What Is Inheritance Tax?
Many people are under the impression that inheritance tax is the same as estate tax. While similar in some ways, there are a few major differences that you need to be aware of. There is no denying that inheritance tax rates can be high. That being said, the rate paid depends on the state in which you live as well as the arrangement of the inheritance.
In the United States, inheritance tax is imposed at the state level. In other words, it is a state tax, thus your potential inheritance tax is based on where you live. As of late, however, more and more states have decided to do away with their inheritance tax.
Generally speaking, inheritance tax is paid by a beneficiary on the money and assets received from the estate of the person who passed away. The estate accounts for the total amount left behind. If an inheritance tax is in place, the beneficiary must pay tax on the value of the assets that they receive. Fortunately, there are several exemptions that can help reduce the inheritance tax burden.
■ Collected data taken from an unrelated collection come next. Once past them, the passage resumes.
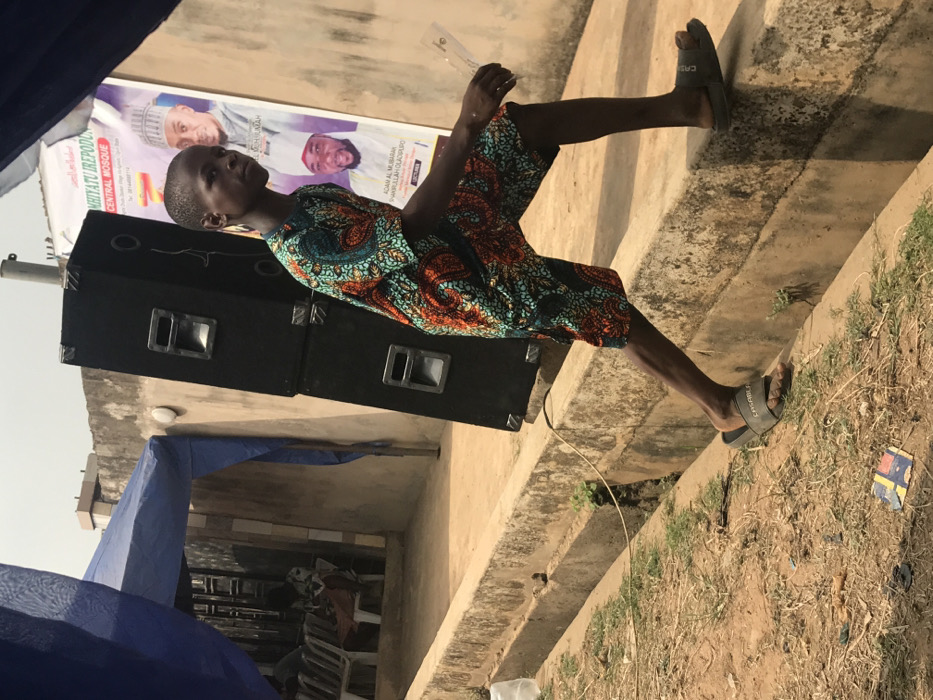 A young, dark-skinned male subject, wearing a short-sleeved, patterned shirt and matching shorts in green, orange, and blue, and dark slide sandals, is captured in motion in an outdoor environment in Orudu, Ijesha Isu Street, Agara, Ilorin, Kwara State, Nigeria, an area within or near Orudu-Olokan. The individual is actively stepping across a concrete barrier, with their left foot on the lower unpaved ground, sparsely covered with dry vegetation and miscellaneous debris, and their right foot planted on the higher concrete surface. A clear plastic item is held in the subject's right hand, pointing slightly downwards. Positioned behind and to the left of the central figure, two black, rectangular professional audio loudspeakers are stacked vertically on the higher concrete level. Each speaker features silver-colored handles. A black cable extends from the lower loudspeaker, across the concrete, and into an adjacent concrete drainage channel. To the right of the loudspeakers, a large white banner is prominently displayed, featuring text in English and possibly Arabic. Identifiable English text includes "MHIYATU IREPODUN CENTRAL MOSQUE" and its location: "Orudu, Ijesha Isu Street, Agara, Ilorin, Kwara State." The banner also features two portraits of men, with one identified as "ADAM AL MUBARAK SHAKIRULLAH OLADAPO" in relation to a "LECTURE." In the background to the left, a blue tarp canopy extends over an area containing multiple white plastic chairs, some occupied by partially visible individuals. A light-colored building wall serves as a backdrop. The overhead sky is bright and clear, indicating daylight. The arrangement of objects, including loudspeakers, a descriptive banner, and seating, indicates an organized outdoor community or religious event.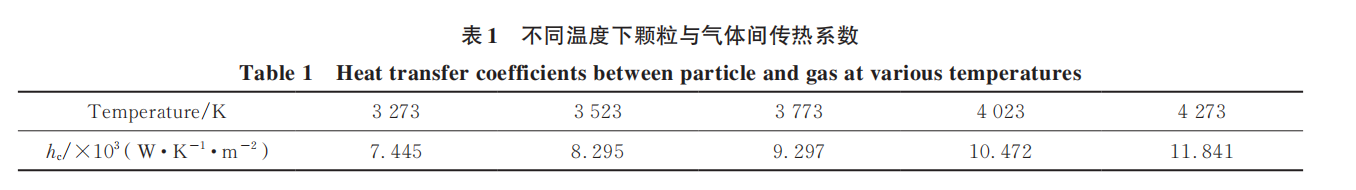 式中,T∞是环境温度,K;TP是气体颗粒温度,K;AP是颗粒的表面积,m2;hc是颗粒表面传热系数,W/(K·m2),传热系数主要受温度、材料成分、颗粒与气流相对运动速度等因素影响,计算过程中所用的不同温度下颗粒对流传热系数如表1所示;ε是发射率;σsb是Stefan-Boltzmann常数,5.67×10-8W/(m2·K4)。颗粒球化的气氛为氩气,对于氩气等单原子分子或者氢气等对称的双原子分子,气体对热量的吸收和辐射能力较弱,对流换热是气体与颗粒之间的主要换热方式,在计算过程中可忽略辐射换热项。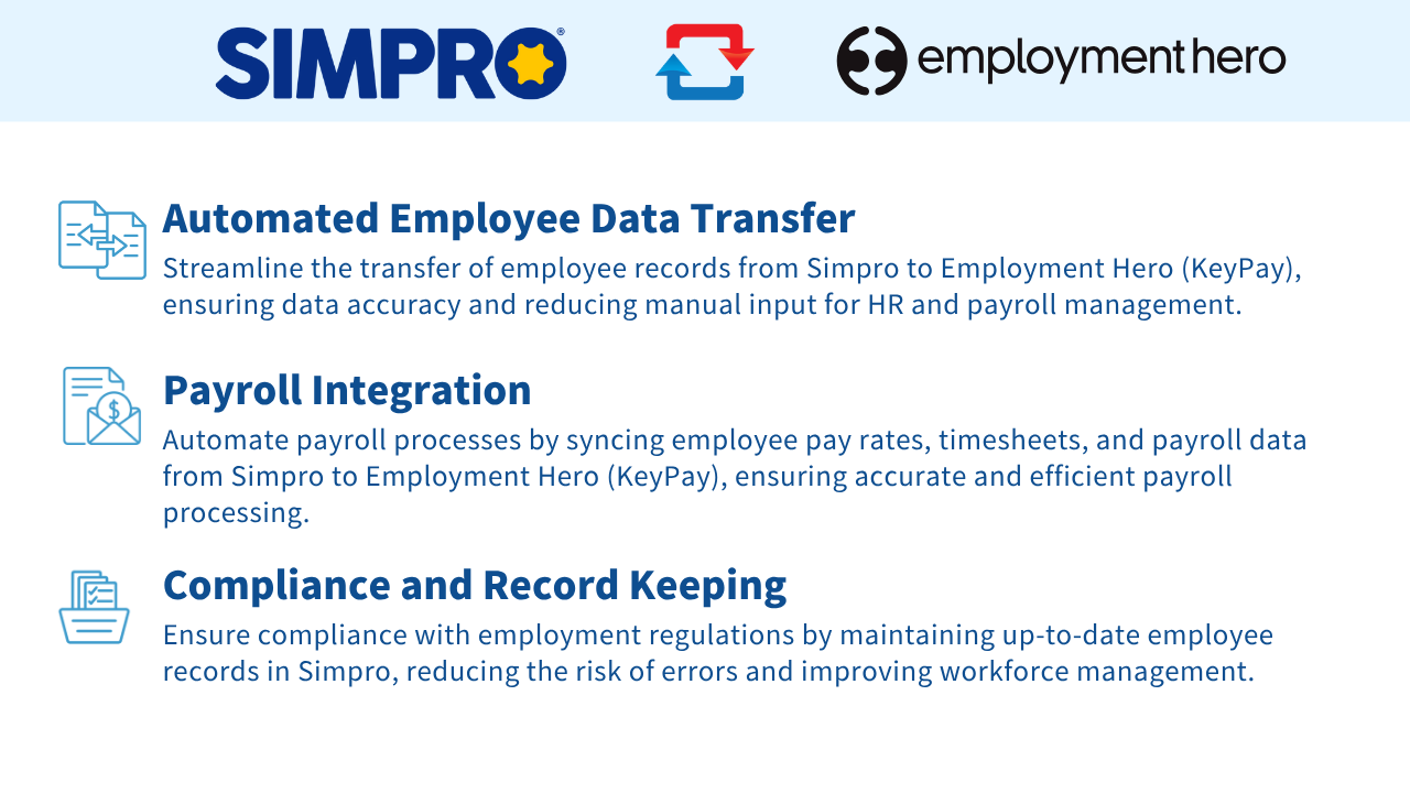 Streamline the transfer of employee records from Simpro to Employment Hero (KeyPay), ensuring data accuracy and reducing manual input for HR and payroll management.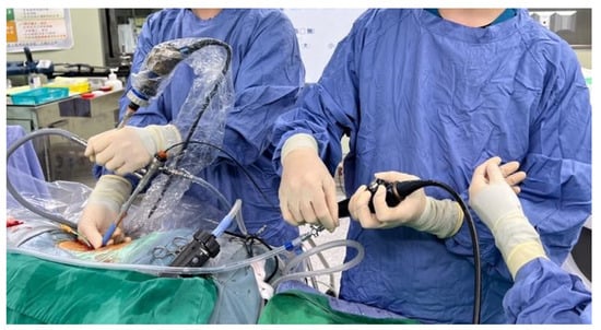 Operational assistance (left side) held the nephroscope, and the experienced endourologist (right side) performed flexible ureteroscopy.
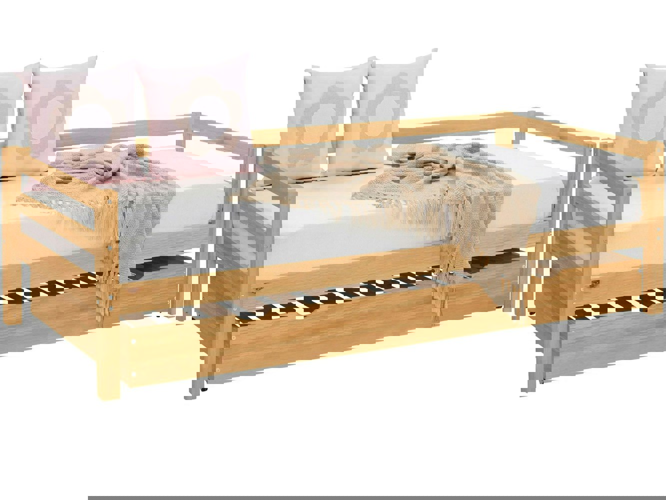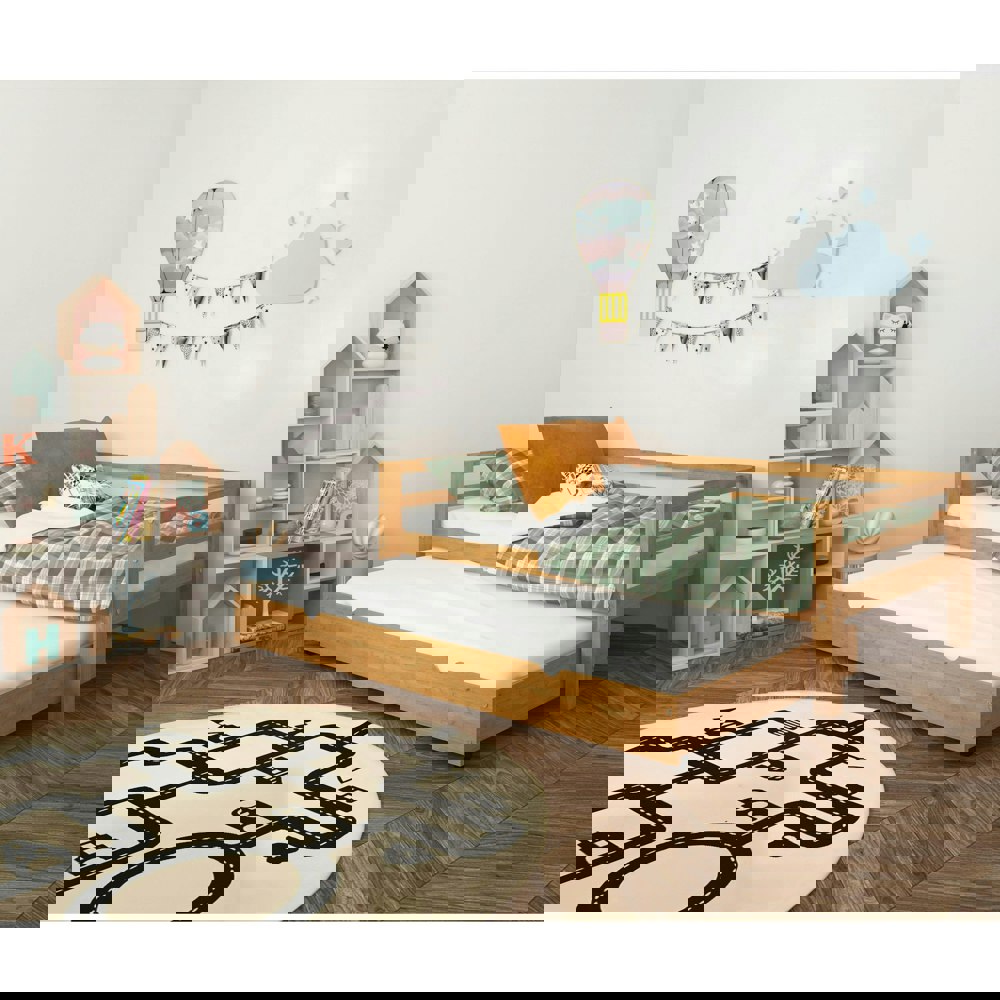 The bed including bed drawer stylishly enhances the ambience in the children's room or guest room. The look in the distinctive country house style is emphasized by the framing in the wall area and at the head and foot end. The set is equipped with a frame so that only the right mattress is required. The drawer can be used as a second bed for your best friend. This sleeping furniture is made of highquality solid pine wood that is FSCÂcertified.
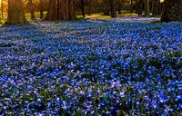 Voorjaar in Nederland met een mooi blauw bloementapijt van de Scilla, of sterhyacinth. De bloemen bloeien in de vroege lente.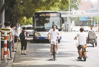 在道路兩側,防護欄把機動車道與非機動車道分隔開,電動車和自行車在非機動車道上有序地行駛。但是到了公交車站臺的地段沒有了防護欄,機動車道與非機動車道的隔離帶只剩下一條地上的白線,白線外側的區域既是公交車站的區域也是非機動車道的區域。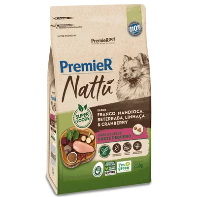 Ração Premier Nattu Cães Adultos Mandioca Pequeno Porte 2,5kg
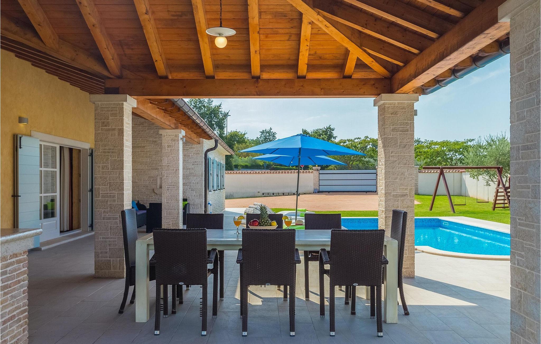 Villa Eni ist perfekt für einen entspannenden, lockeren Urlaub mit der Familie oder lieben Freunden, weit weg vom Alltag. Sollte Sie trotzdem die Abenteuerlust packen, so ist die lebhafte und interessante Stadt Pula mit ihrem ganzen Spektrum an Möglichkeiten nicht allzu weit entfernt.Diese elegante, moderne Villa befindet sich im kleinen Dorf Pavicini in der Nähe der Stadt Pula. Pavicini ist sehr berühmt für eine der ältesten Ölmühlen in Istrien. Sie können es besuchen und frisches kaltgepresstes Olivenöl probieren. Das Gebiet ist auch bekannt für Fischerei, Landwirtschaft und Viehzucht. Die Villa Eni liegt 2 km vom Strand Duga Uvala entfernt und ist von weiten Feldern und viel Grün umgeben. Wenn Sie lokale Küche probieren möchten, sind fantastische Restaurants nur 10 Autominuten entfernt. Wir empfehlen Ihnen dringend, folgende Städte in der Nähe zu besuchen: Pula, Medulin, Rovinj, Fayana, Vodnjan; oder vielleicht berühmte Inseln wie Losinj, Krk oder Cres. Istrien ist ein perfekter Urlaubsort für alle, die sich erholen, die faszinierenden Landschaften genießen und im himmelblauen Meer schwimmen möchten.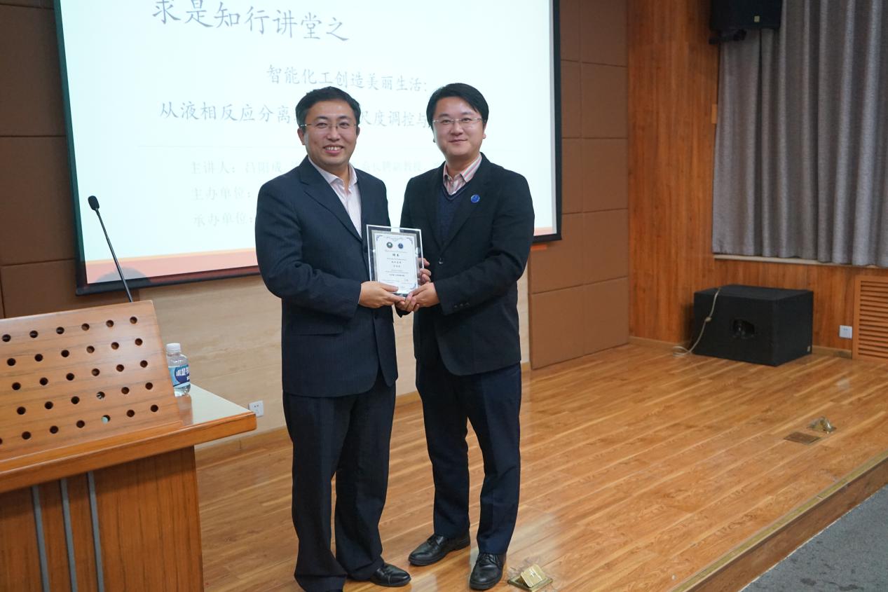 10月24日晚,开云kaiyun官网求是书院知行讲堂第五期在良乡校区工业生态楼报告厅举行。清华大学化工系长聘副教授、博士生导师吕阳成教授带来题为“智能化工创造美丽生活——从液相反应分离过程的微尺度调控与强化谈起”的专题报告。北理工求是书院副院长周芳集老师出席了报告会,并为吕阳成教授颁发了求是书院校外导师聘书,来自求是书院、化学与化工学院的80余名同学聆听了报告会。报告会由求是书院团委书记、综合办公室主任张锋老师主持。

Most people are unaware that inheritance tax is calculated based on factors including the type of property being inherited as well as the relationship to the deceased. For instance, those who are not a direct lineal descendant will pay a higher rate of tax than a child or parent, for example. A beneficiary who is not related to the deceased will pay the most in inheritance tax.
To determine what rate of inheritance tax you will pay, you must do the following: determine the total value of your inheritance, find the tax bracket for your inheritance, and apply for tax exemptions. Along with this, you will want to learn more about the inheritance tax in the state in which you reside.
How much you pay in inheritance tax has a lot to do with your relationship to the deceased. In Pennsylvania, for example, lineal descendants will pay 4.5 percent inheritance tax. Siblings are taxed at 12 percent, and anybody else at 15 percent.
States with an inheritance tax include: Indiana, Iowa, Kentucky, Maryland, Nebraska, New Jersey, and Pennsylvania.
Many people refer to inheritance tax as the “death tax.” They feel that it is unfair for a government to tax them on money received after a loved one passes on, especially since much of that money was already taxed during the deceased’s life.
All in all, inheritance tax is levied on the assets distributed to beneficiaries from a deceased person’s estate.